This tutorial describes examples of data portals (visual interfaces, APIs, etc.) that allow a user to mine publicly available cancer sequence data for somatic and/or germline mutations. These resources allow the user to assess the recurrence of specific mutations within cancer subtypes, their sequence identity, predicted functional consequence, etc. Example questions one might ask of such resources:
- What are the most significantly mutated genes in a particular cancer type?
- What mutations tend to co-occur or are mutually exclusive with each other in a tumor?
- What positions or domains within the amino acid sequence of a gene are most frequently mutated? i.e. where are the mutation 'hotspots'?
Some relevant posts:
- Looking For Frequncies Of Mutations In Set Of Genes In Different Cancers
- Mutated Gene Sequence Database For Breast Cancer
- List Of Known Cancer Resources
- Help On Getting Data From Tcga
- Database Of Tumor Suppressors And/Or Oncogenes
Here are some resources that I already know about and have used:
- COSMIC - Cancer Mutation Census
- Cancer Hotspots
- Genomic Data Commons
- ICGC Data Portal
- Kids First Data Portal
- UCSC Cancer Browser
- Cancer Genomics Workbench
- TCGA Data Portal
- BROAD, Tumor Portal
- OASIS Genomics
- St. Jude Pediatric Cancer Data Portal
The first several are fantastic resources along the lines I am looking for. Please comment below if I am missing others? For example, there may be others that are less well known or that are more focused on a specific question.

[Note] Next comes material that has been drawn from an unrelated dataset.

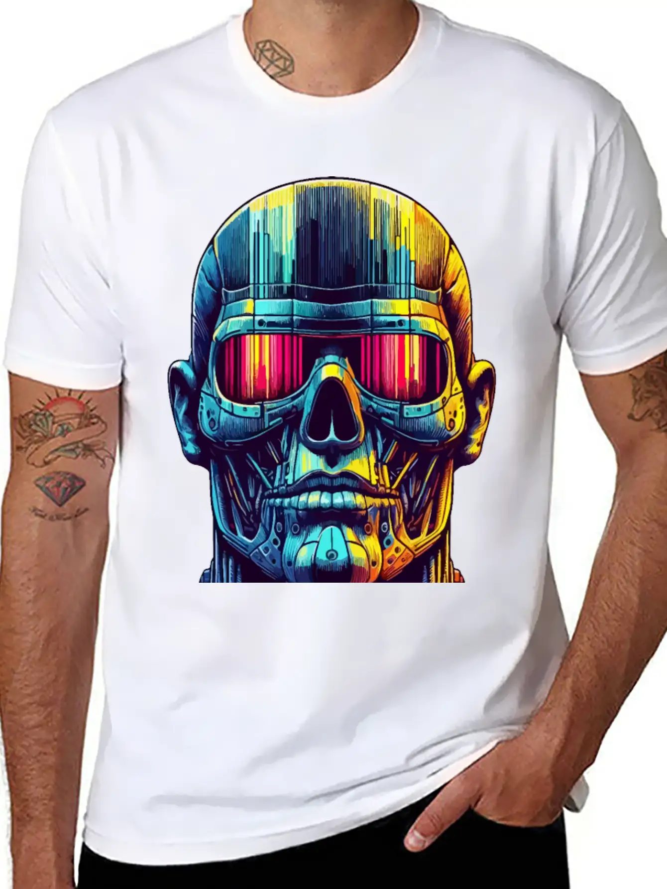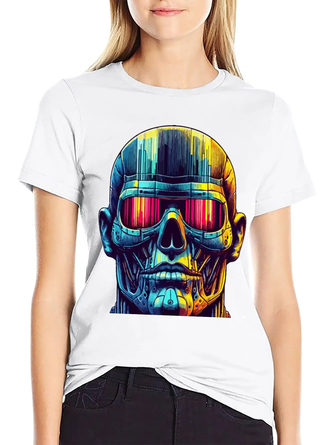 For those who love the Neon Cyber Skull with Futuristic Visor and Vibrant or just want something different, this shirt makes a great gift or daily essential.

Relevant reviews, primary articles, open-source software projects, etc. would also be welcome. I'm most interested in resources that create a platform for performing complex queries of the raw data, provide summaries and visualizations, etc. I will try to update this tutorial with examples and feedback from the community.
Here are some related resources that we have created ourselves to complement some of those resources listed above:
A nice introductory tutorial (video) on Cancer Variant Knowledgebases: "Introduction to Publicly Available Knowledgebases to Aid Interpretations of Genomic Findings in Oncology".
thanks very very very much!!
You are most welcome. I just updated this post to include the Genomic Data Commons. This is a great resource for accessing the raw data, variant call files, etc.
Thank you very much!
Are you solely interested in tools that just visualize/download publicly available data sets? What about resources where you can actually submit your own mutations and annotate, analyze, and visualize?
I find Firebrowse to be a very useful place to access TCGA data.